[WORK TO COMPLETE]
Up to and including the line that holds "JAZZEEL - ديكور", print the data exactly from its first line; do not print the pictures.

[GIVEN DATA]
+-------+
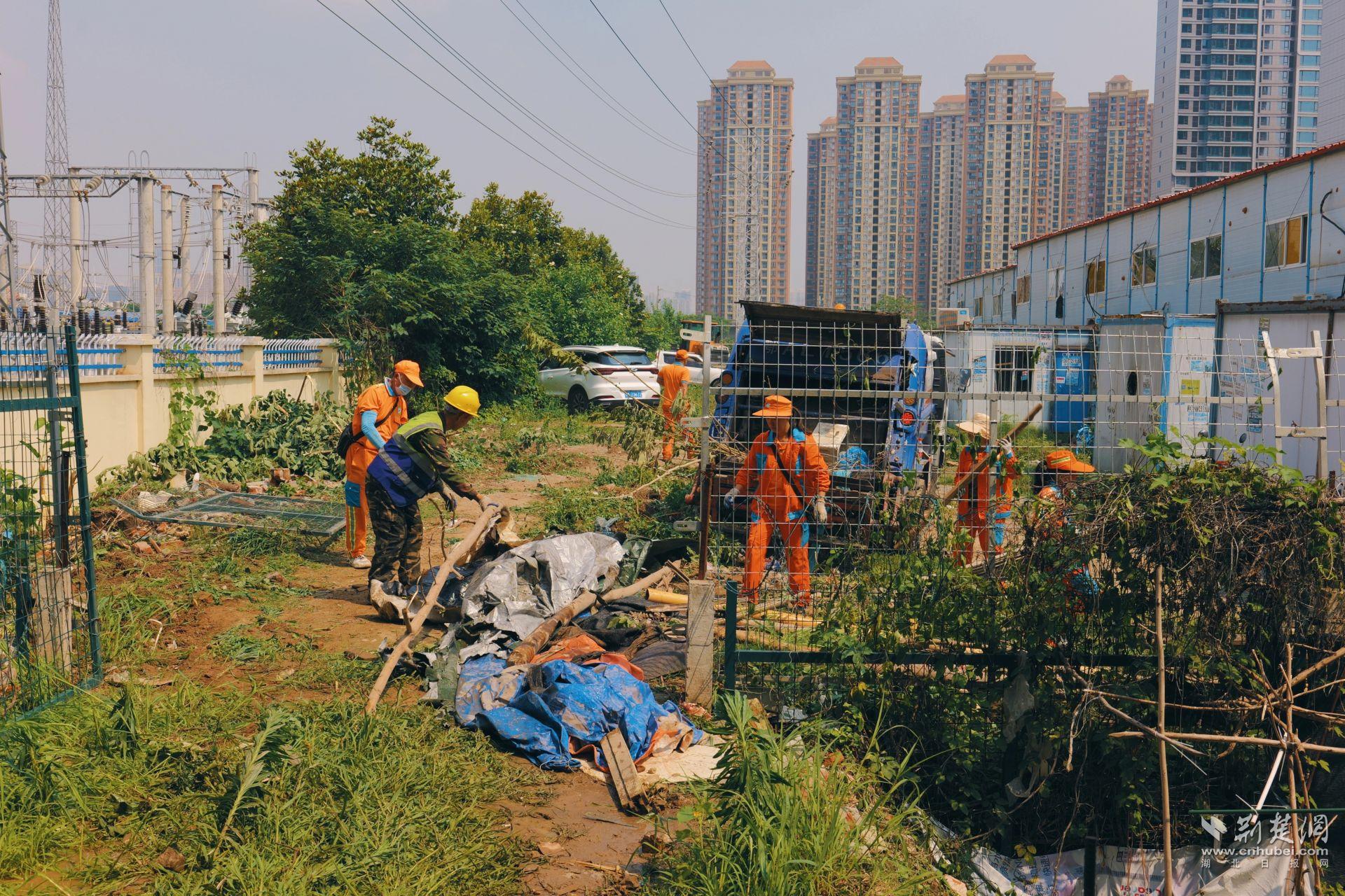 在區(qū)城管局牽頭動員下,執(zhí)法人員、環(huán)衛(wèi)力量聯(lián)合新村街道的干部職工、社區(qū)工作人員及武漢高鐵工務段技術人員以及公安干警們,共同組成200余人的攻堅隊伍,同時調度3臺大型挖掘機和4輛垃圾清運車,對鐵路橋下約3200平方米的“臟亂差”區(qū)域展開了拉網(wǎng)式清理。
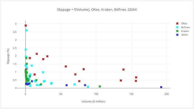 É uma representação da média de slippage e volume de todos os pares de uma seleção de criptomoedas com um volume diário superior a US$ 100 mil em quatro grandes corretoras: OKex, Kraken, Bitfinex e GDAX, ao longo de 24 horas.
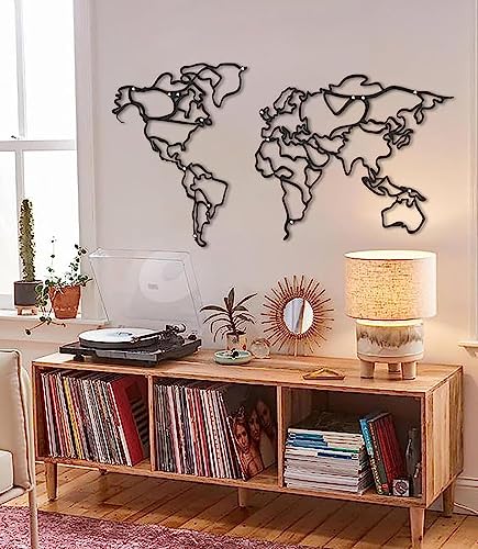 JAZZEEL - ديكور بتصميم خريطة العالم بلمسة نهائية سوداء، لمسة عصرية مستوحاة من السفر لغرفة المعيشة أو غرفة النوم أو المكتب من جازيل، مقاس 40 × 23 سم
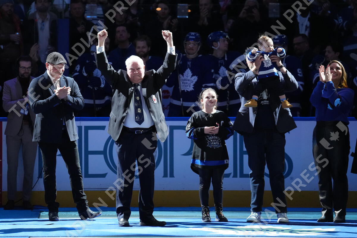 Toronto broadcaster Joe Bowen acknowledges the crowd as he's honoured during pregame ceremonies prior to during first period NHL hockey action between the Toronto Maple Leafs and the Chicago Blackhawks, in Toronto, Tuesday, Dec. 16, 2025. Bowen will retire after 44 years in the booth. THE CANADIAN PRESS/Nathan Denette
+-------+
[RESPONSE TO THIS EXERCISE]
 在區(qū)城管局牽頭動員下,執(zhí)法人員、環(huán)衛(wèi)力量聯(lián)合新村街道的干部職工、社區(qū)工作人員及武漢高鐵工務段技術人員以及公安干警們,共同組成200余人的攻堅隊伍,同時調度3臺大型挖掘機和4輛垃圾清運車,對鐵路橋下約3200平方米的“臟亂差”區(qū)域展開了拉網(wǎng)式清理。
 É uma representação da média de slippage e volume de todos os pares de uma seleção de criptomoedas com um volume diário superior a US$ 100 mil em quatro grandes corretoras: OKex, Kraken, Bitfinex e GDAX, ao longo de 24 horas.
 JAZZEEL - ديكور بتصميم خريطة العالم بلمسة نهائية سوداء، لمسة عصرية مستوحاة من السفر لغرفة المعيشة أو غرفة النوم أو المكتب من جازيل، مقاس 40 × 23 سم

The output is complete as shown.